Go through the listing below and write out exactly the lines from the one that mentions "聚乙烯 (PE) 和聚丙烯 (PP) 的 TEM 图像" through the one that mentions "Die runden Aquarellpinsel", minus the pictures.

• **RECORDS TO PROCESS**
-.-.-

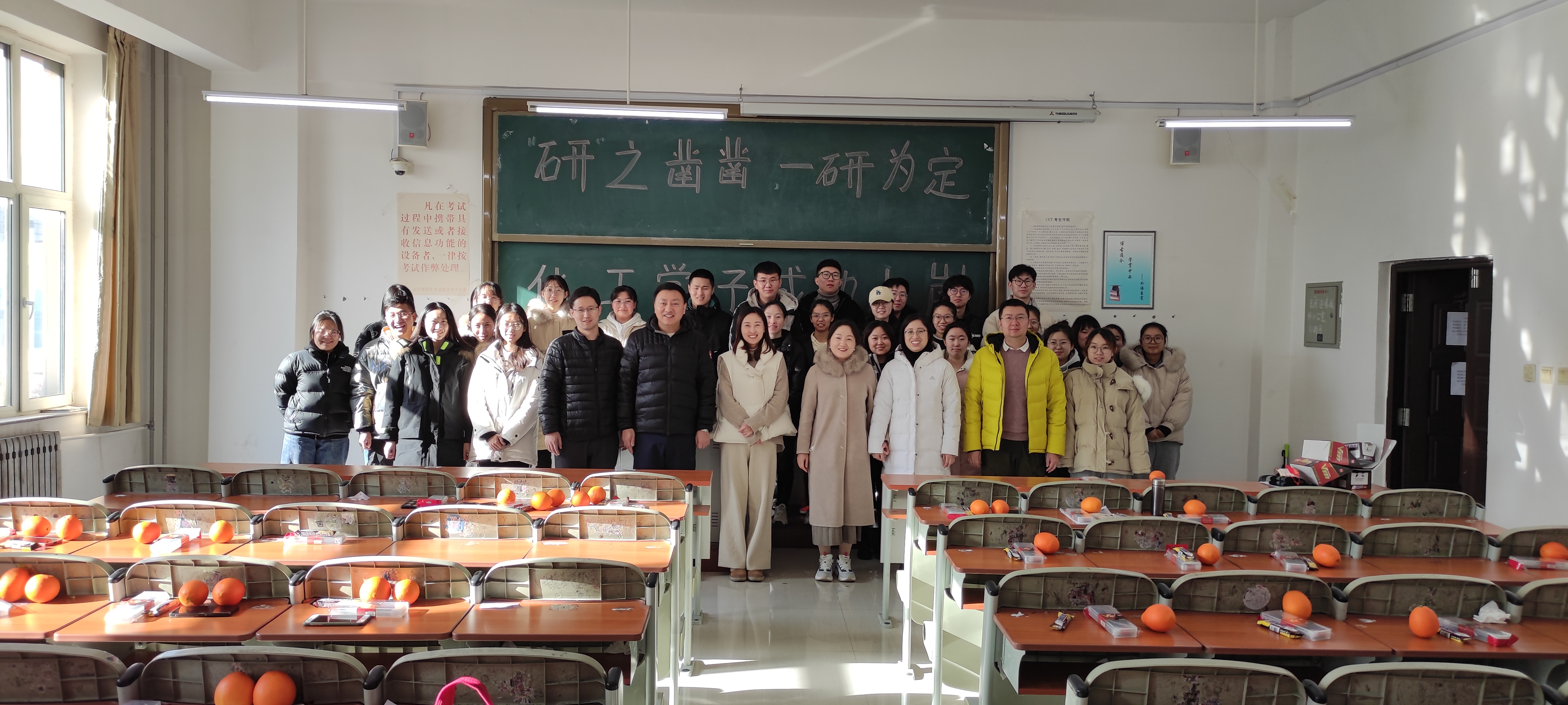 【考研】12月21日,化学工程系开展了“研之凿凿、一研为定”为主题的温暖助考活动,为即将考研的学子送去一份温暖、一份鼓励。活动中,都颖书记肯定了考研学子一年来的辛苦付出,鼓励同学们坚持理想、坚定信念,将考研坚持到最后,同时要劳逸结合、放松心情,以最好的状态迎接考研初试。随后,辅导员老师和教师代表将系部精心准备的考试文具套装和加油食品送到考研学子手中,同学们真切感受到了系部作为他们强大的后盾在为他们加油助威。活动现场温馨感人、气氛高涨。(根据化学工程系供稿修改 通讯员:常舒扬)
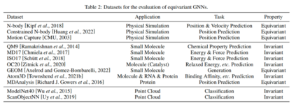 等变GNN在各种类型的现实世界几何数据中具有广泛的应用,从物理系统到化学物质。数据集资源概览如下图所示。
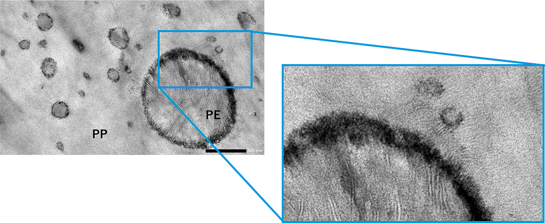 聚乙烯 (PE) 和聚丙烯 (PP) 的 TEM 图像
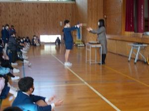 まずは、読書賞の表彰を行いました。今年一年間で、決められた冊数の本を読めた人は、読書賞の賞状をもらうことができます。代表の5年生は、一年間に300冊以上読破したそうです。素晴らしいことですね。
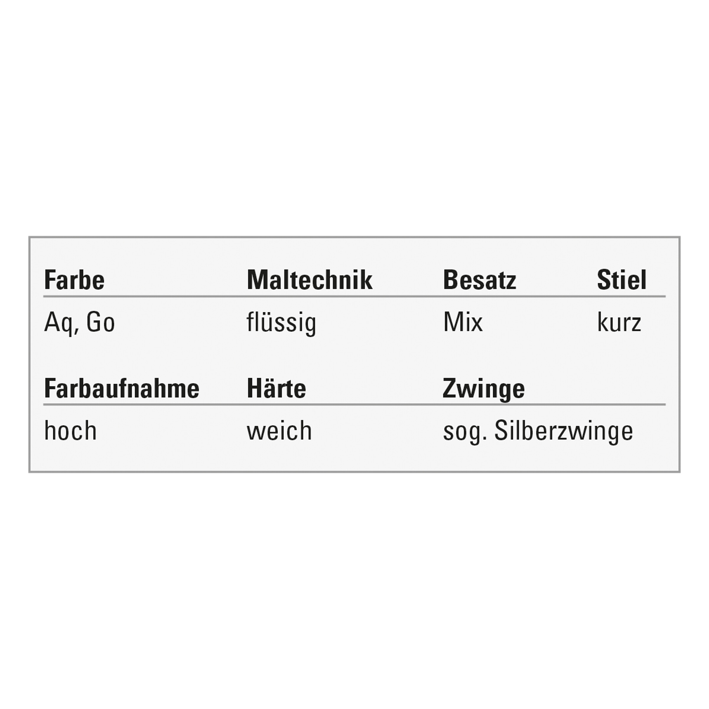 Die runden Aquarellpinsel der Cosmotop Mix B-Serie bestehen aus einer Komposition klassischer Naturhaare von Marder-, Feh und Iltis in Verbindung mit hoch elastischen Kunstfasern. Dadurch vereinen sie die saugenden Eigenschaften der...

-.-.-

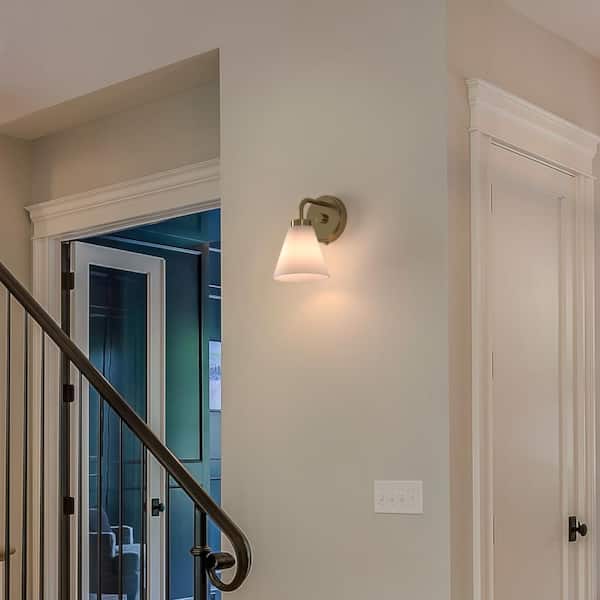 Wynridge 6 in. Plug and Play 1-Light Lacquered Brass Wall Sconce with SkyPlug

-.-.-

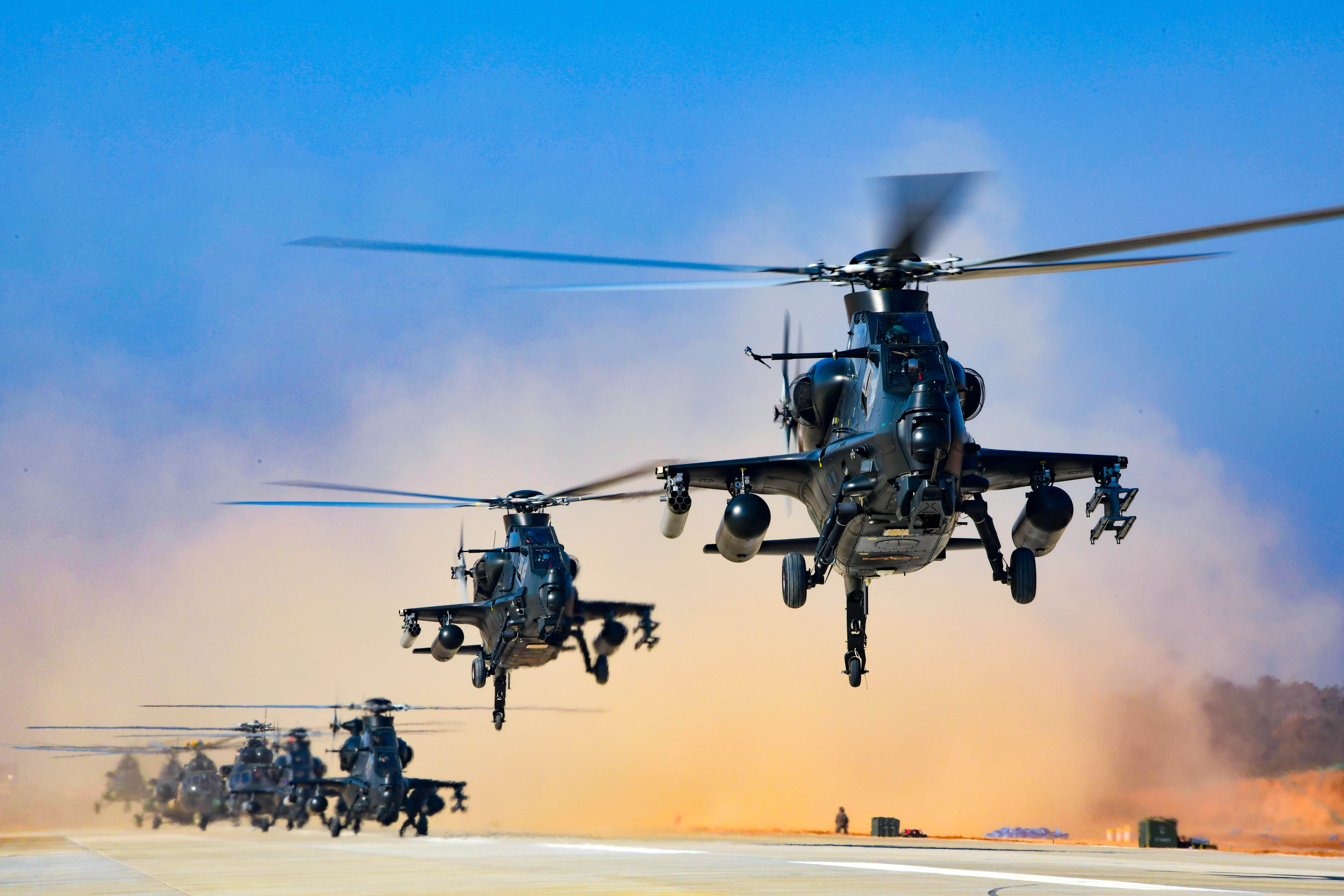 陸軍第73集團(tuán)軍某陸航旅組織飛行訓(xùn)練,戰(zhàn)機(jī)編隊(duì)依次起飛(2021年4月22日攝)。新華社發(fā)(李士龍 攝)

-.-.-

• **SOLUTION TO THIS EXERCISE**
 聚乙烯 (PE) 和聚丙烯 (PP) 的 TEM 图像
 まずは、読書賞の表彰を行いました。今年一年間で、決められた冊数の本を読めた人は、読書賞の賞状をもらうことができます。代表の5年生は、一年間に300冊以上読破したそうです。素晴らしいことですね。
 Die runden Aquarellpinsel der Cosmotop Mix B-Serie bestehen aus einer Komposition klassischer Naturhaare von Marder-, Feh und Iltis in Verbindung mit hoch elastischen Kunstfasern. Dadurch vereinen sie die saugenden Eigenschaften der...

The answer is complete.